According to Panagiotelis and Smith (2008), sampling an observation β_sj from truncated normal (A9) is equivalent to sampling an observation ${\mathit{\beta }}_{\mathit{\text{sj}}}^{(\mathit{\text{temp}})}$ from $N[{\mathit{\beta }}_{\mathit{\text{sj}}}^{\ast },{\mathbf{H}}_{\mathit{\text{sj}}}]$ and then transforming ${\mathit{\beta }}_{\mathit{\text{sj}}}^{(\mathit{\text{temp}})}$ to β_sj by

$${\mathit{\beta }}_{\mathit{\text{sj}}}={\mathit{\beta }}_{\mathit{\text{sj}}}^{(\mathit{\text{temp}})}-{\mathbf{H}}_{\mathit{\text{sj}}}{\mathbf{Q}}_{\mathit{\text{sj}}}^T{({\mathbf{Q}}_{\mathit{\text{sj}}}{\mathbf{H}}_{\mathit{\text{sj}}}{\mathbf{Q}}_{\mathit{\text{sj}}}^T)}^{-1}{\mathbf{Q}}_{\mathit{\text{sj}}}{\mathit{\beta }}_{\mathit{\text{sj}}}^{(\mathit{\text{temp}})},$$ (A10)

where ${\mathbf{Q}}_{\mathit{\text{sj}}}={\mathbf{1}}_{n_s}^T{\mathbf{B}}_{\mathit{\text{sj}}}$. Moreover,

$$[{\nu }_{\mathit{\text{sj}}}^{-1}|·]~\text{Gamma }[{\nu }_1+\frac{L}{2},{\nu }_2+\frac{1}{2}{\mathit{\beta }}_{\mathit{\text{sj}}}^T{\mathbf{K}}_{\mathit{\text{sj}}}{\mathit{\beta }}_{\mathit{\text{sj}}}].$$ (A11)
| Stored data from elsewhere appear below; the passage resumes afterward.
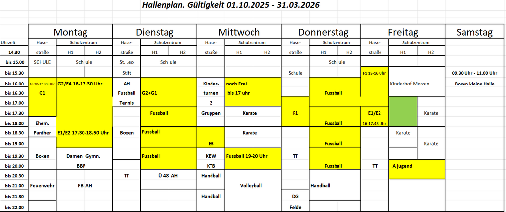 Hallenplan für die Halle am Solebad (Hasestraße) und Halle am Schulzentrum
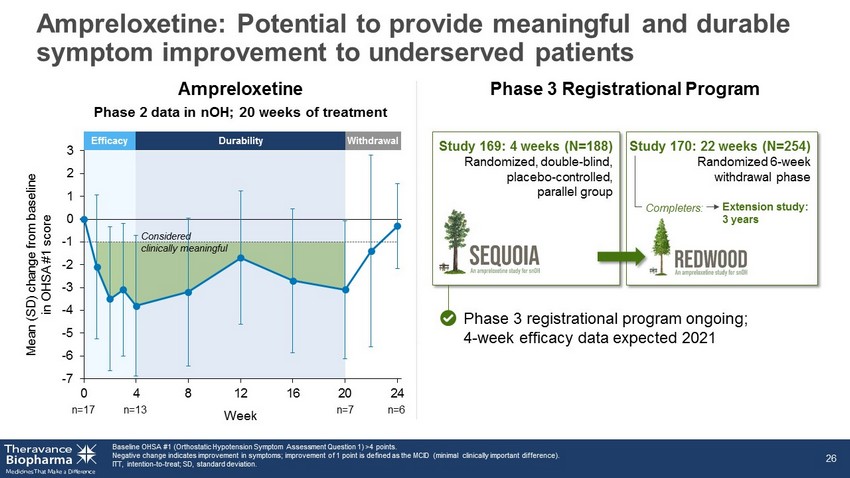 Untreated nOH NE Release at Neurovascular Junction Systolic Blood Pressure Designed to reduce symptoms of nOH by prolonging the effect of endogenous norepinephrine 1. Palma JA, Kaufmann H. Mov Disord Clin Pract 2017;4:298 - 308. NE, norepinephrine; NET, norepinephrine transporters. 25 Vasodilation Blood pressure Vasoconstriction Blood pressure Syncope Normal x Increase standing blood pressure x Increased brain profusion x Reduce symptoms of symptomatic nOH 1 NE A XON TERMINAL D ENDRITE + Ampreloxetine Ampreloxetine Reduction in syncope Normal
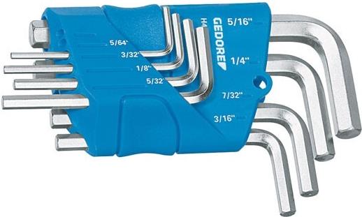 Gedore 1505424 Innen-Sechskant Winkelschraubendreher-Set 8teiligWinkelschraubendreher-Set im Halter 8tlg. 5/64\" - 5/16\"Zöllige Winkelschraubendreher im blauen Kunststoff-Einsteckhalter.Technische Daten: Abtrieb: Innen-Se
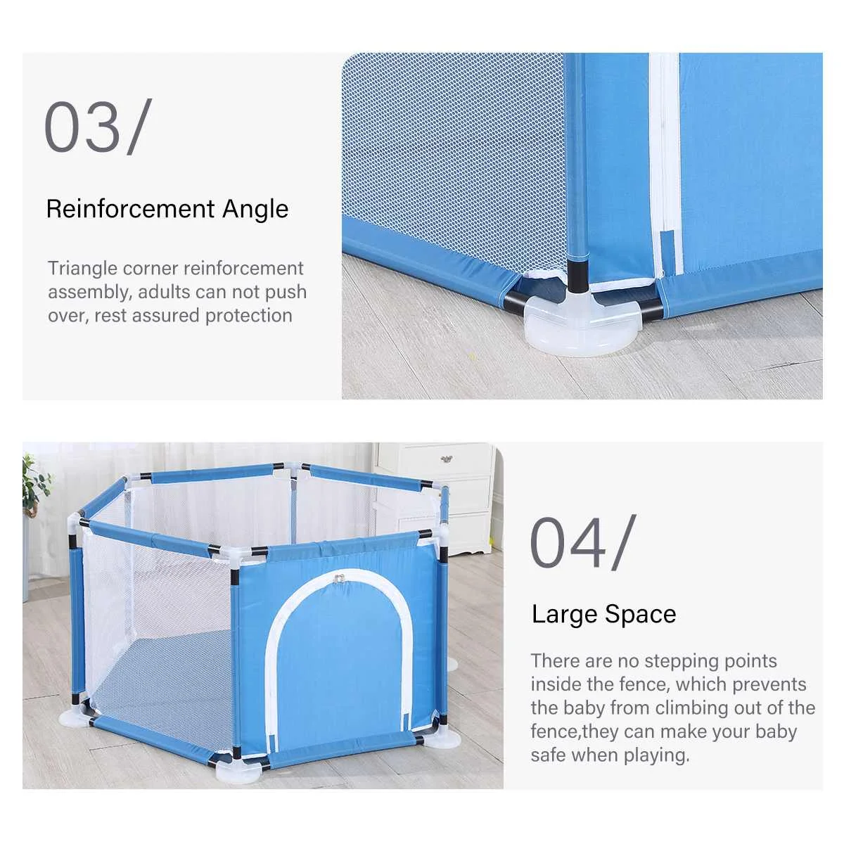 ● Стабильное и большое пространство: внутри забора нет шаговых точек, которые не дают малышу выйти из забора, они могут обеспечить безопасность вашего ребенка во время игры. Достаточно места для игры для вашего ребенка.
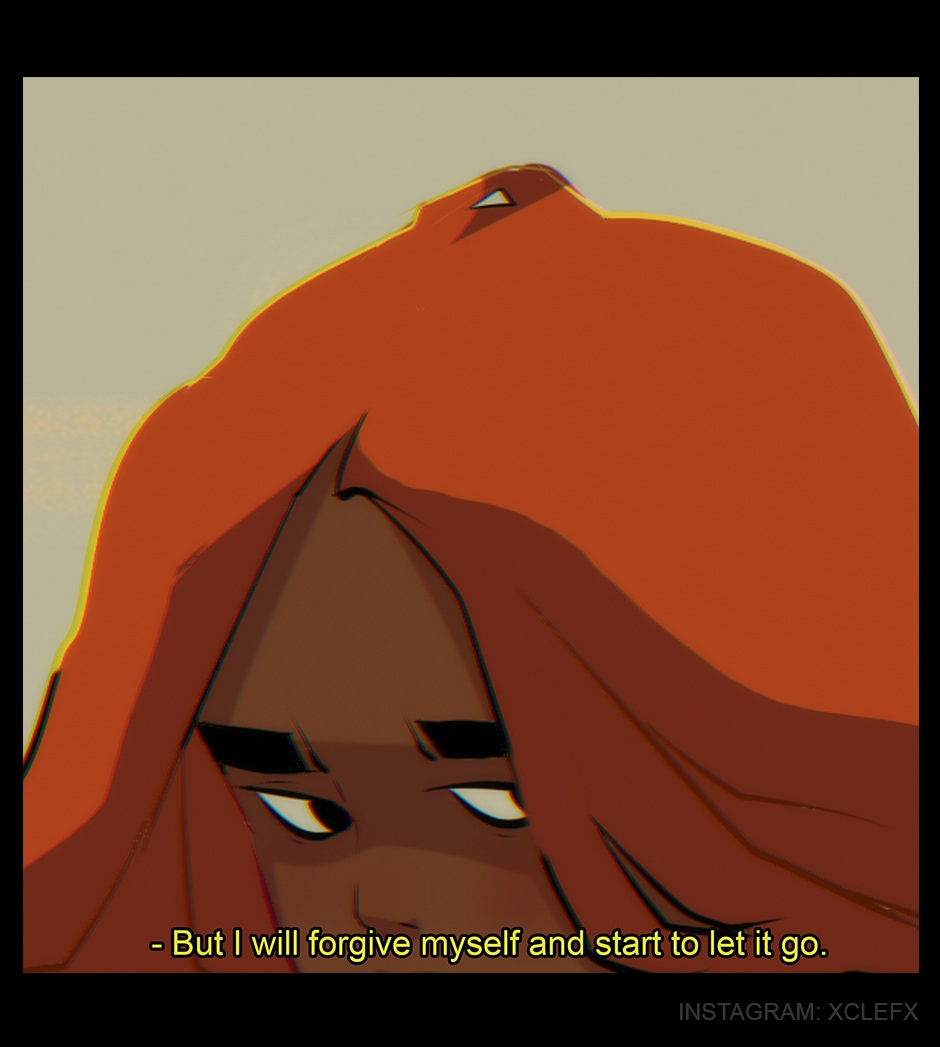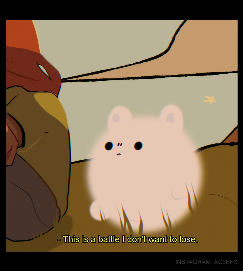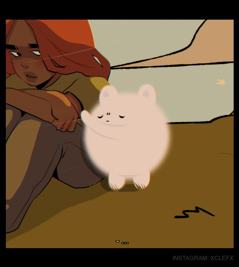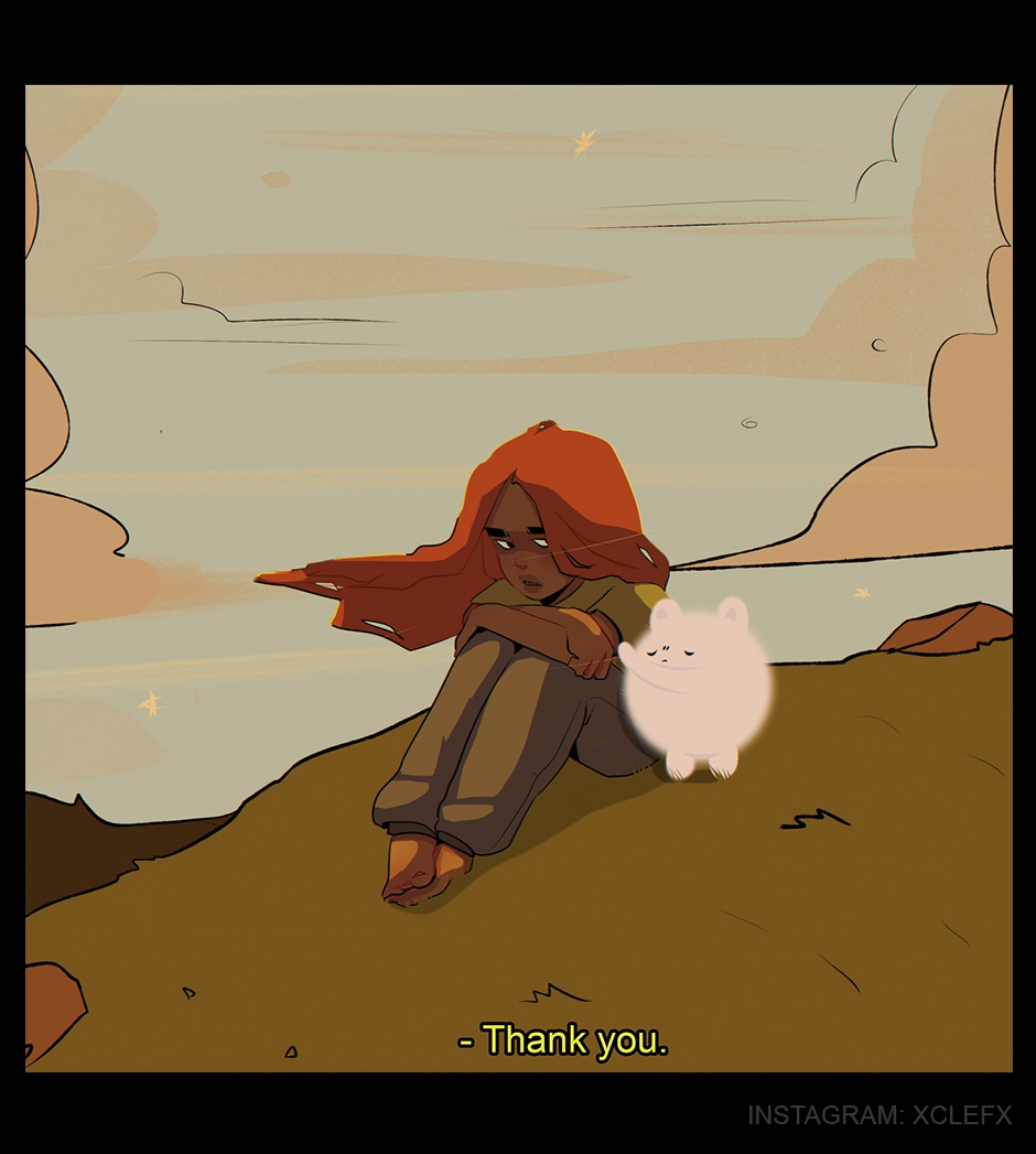 This is awesome. I full heartedly understand this girl, she's broken. Seen some crap. And the little bear floof just wants to be there for her. Very pleasing color schemes btw. Very nice and aesthetic.
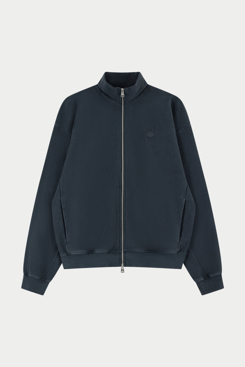 HEAVYWEIGHT WASHED RIBBED ZIP THROUGH FUNNEL NECK
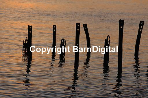 Rusting iron posts, the remains of an old jetty, against a dramatic evening sky are reflected in the sea. Newhaven, Sussex. UK. 19 November 2005
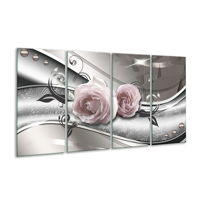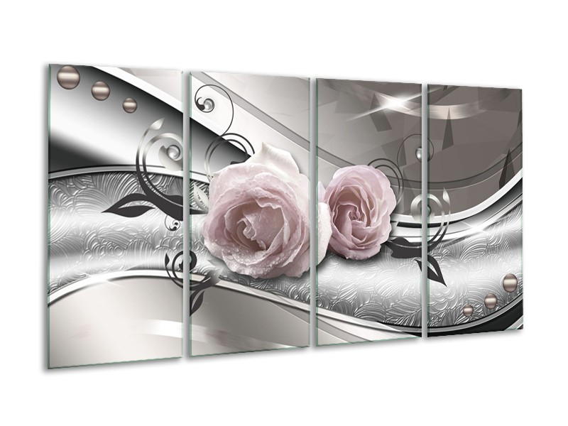 Canvas Schilderij Bloemen, Modern | Grijs, Roze | 160x80cm 4Luik
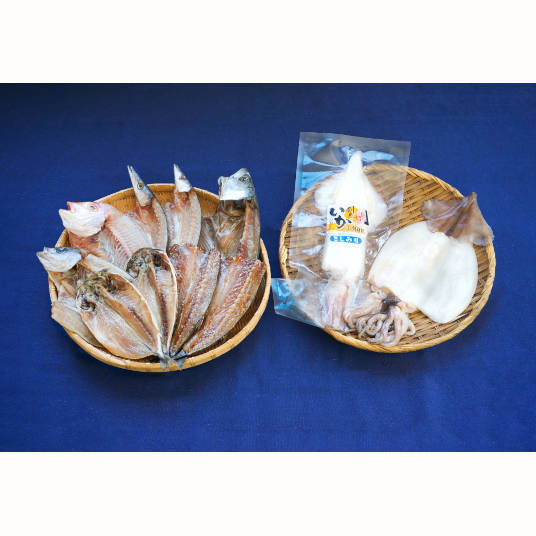 【内容量】剣先イカ刺身用1枚 スルメイカ一夜干し1枚 アジ開き2枚 カマス開き2枚 レンコ鯛開き1枚 塩サバ開き1枚 イサキ開き1枚 カマスみりん干し2枚
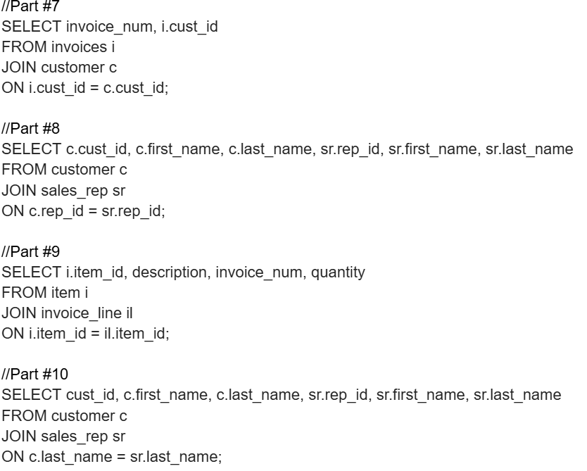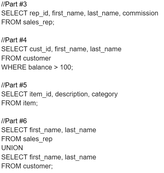 I started with the easiest parts, the simple SELECT statements, where the programmer can select parts of a database table based on the column name and form them into a new table with only those columns. The programmer can also limit the data let into the table by the use of WHERE statements. Which could limit the data based on stated conditions like “rep_id = 5”. The parts that were simple like this were parts #3 – #5, which mainly consisted of making a new table by using preexisting columns using FROM statements and limiting the data shown through WHERE statements.
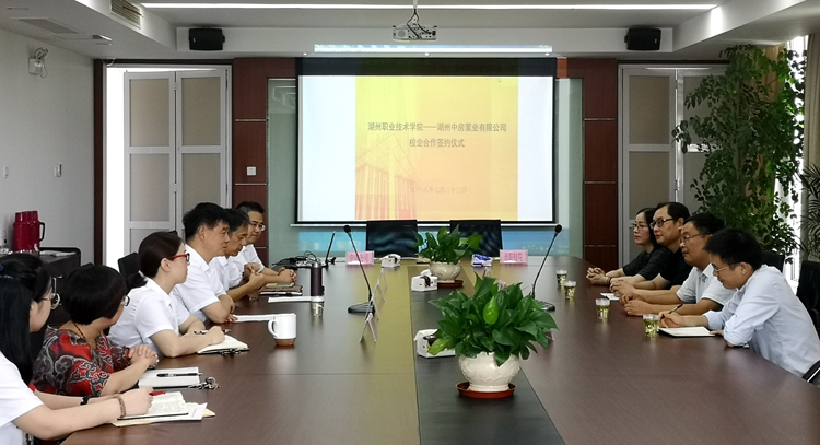 2018年,湖州职业技术学院产教融合发展联盟成立,下设建筑、新能源汽车、智能制造、智能电梯、物流与信息、商务贸易、旅游、文化创意和农业农村等9个专业(群)产教融合联盟,积极与重点企业、行业、部门互动,细分产业开展专业合作,举办专题交流研讨会、人才双向交流等活动,强力推进产教融合协同育人。通过开展现代学徒制试点、“校中厂、厂中校”、混合所有制学院试点等,优化人才培养模式,深化校企协同育人,多途径推进技术技能型人才培养,开创了高等职业教育与产业协调发展的湖州新模式。
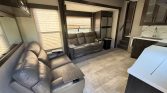 • Exterior ready for adventures: fiberglass front cap, power ramp/door, heavy duty tie-downs in the garage area, ample storage, outdoor kitchen/patio potential
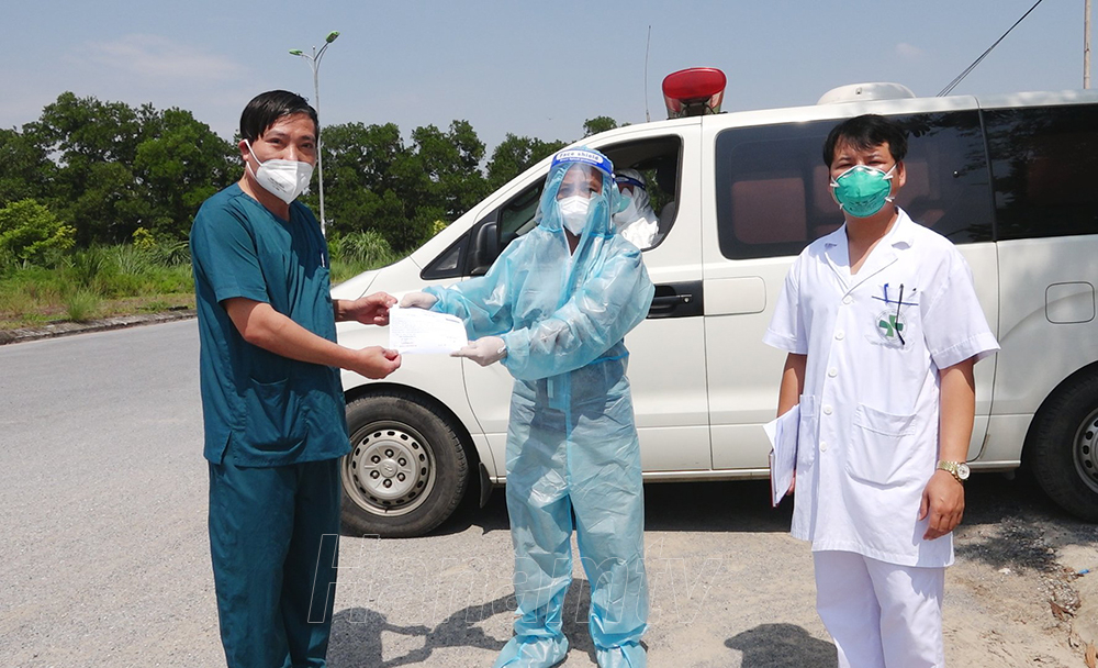 Bác sỹ Trần Đình Lợi, Phó Giám đốc Bệnh viện Đa khoa tỉnh Hà Nam, Giám đốc Bệnh viện Dã chiến số 1 Hà Nam trao giấy xuất viện cho những bệnh nhân đầu tiên khỏi bệnh, ra viện

(V) Full conditional distributions of τ_s, ζ_us, and α

$$p({\tau }_s|·)\propto \text{exp }\{\sum _{u=s}^S\sum _{i=1}^n\text{log}(p_{i10u})\times \mathrm{I}(Z_{i1}=u)-\frac{{({\tau }_s-{\tau }_{s0})}^2}{2{\sigma }_{\tau 0}^2}\},$$

$$p({\zeta }_{\mathit{\text{us}}}|·)\propto \text{exp }\{\sum _{\upsilon =s}^S\sum _{i=1}^n\sum _{t=2}^T\text{log}(p_{\mathit{\text{itu}}\upsilon })\times \mathrm{I}(Z_{\mathit{\text{it}}}=\upsilon ,Z_{i,t-1}=u)-\frac{{({\zeta }_{\mathit{\text{us}}}-{\zeta }_{\mathit{\text{us}}0})}^2}{2{\sigma }_{\zeta 0}^2}\},$$ (A12)

$$p(\mathit{\alpha }|·)\propto \text{exp }\{\sum _{i=1}^n\sum _{t=2}^T\text{log}(p_{\mathit{\text{itus}}})\times \mathrm{I}(Z_{\mathit{\text{it}}}=s,Z_{i,t-1}=u)-\frac{1}{2}{(\mathit{\alpha }-{\mathit{\alpha }}_0)}^T{\mathbf{H}}_{\alpha 0}^{-1}(\mathit{\alpha }-{\mathit{\alpha }}_0)\},$$

where p_itu0 and p_itus can be calculated via Equation (12).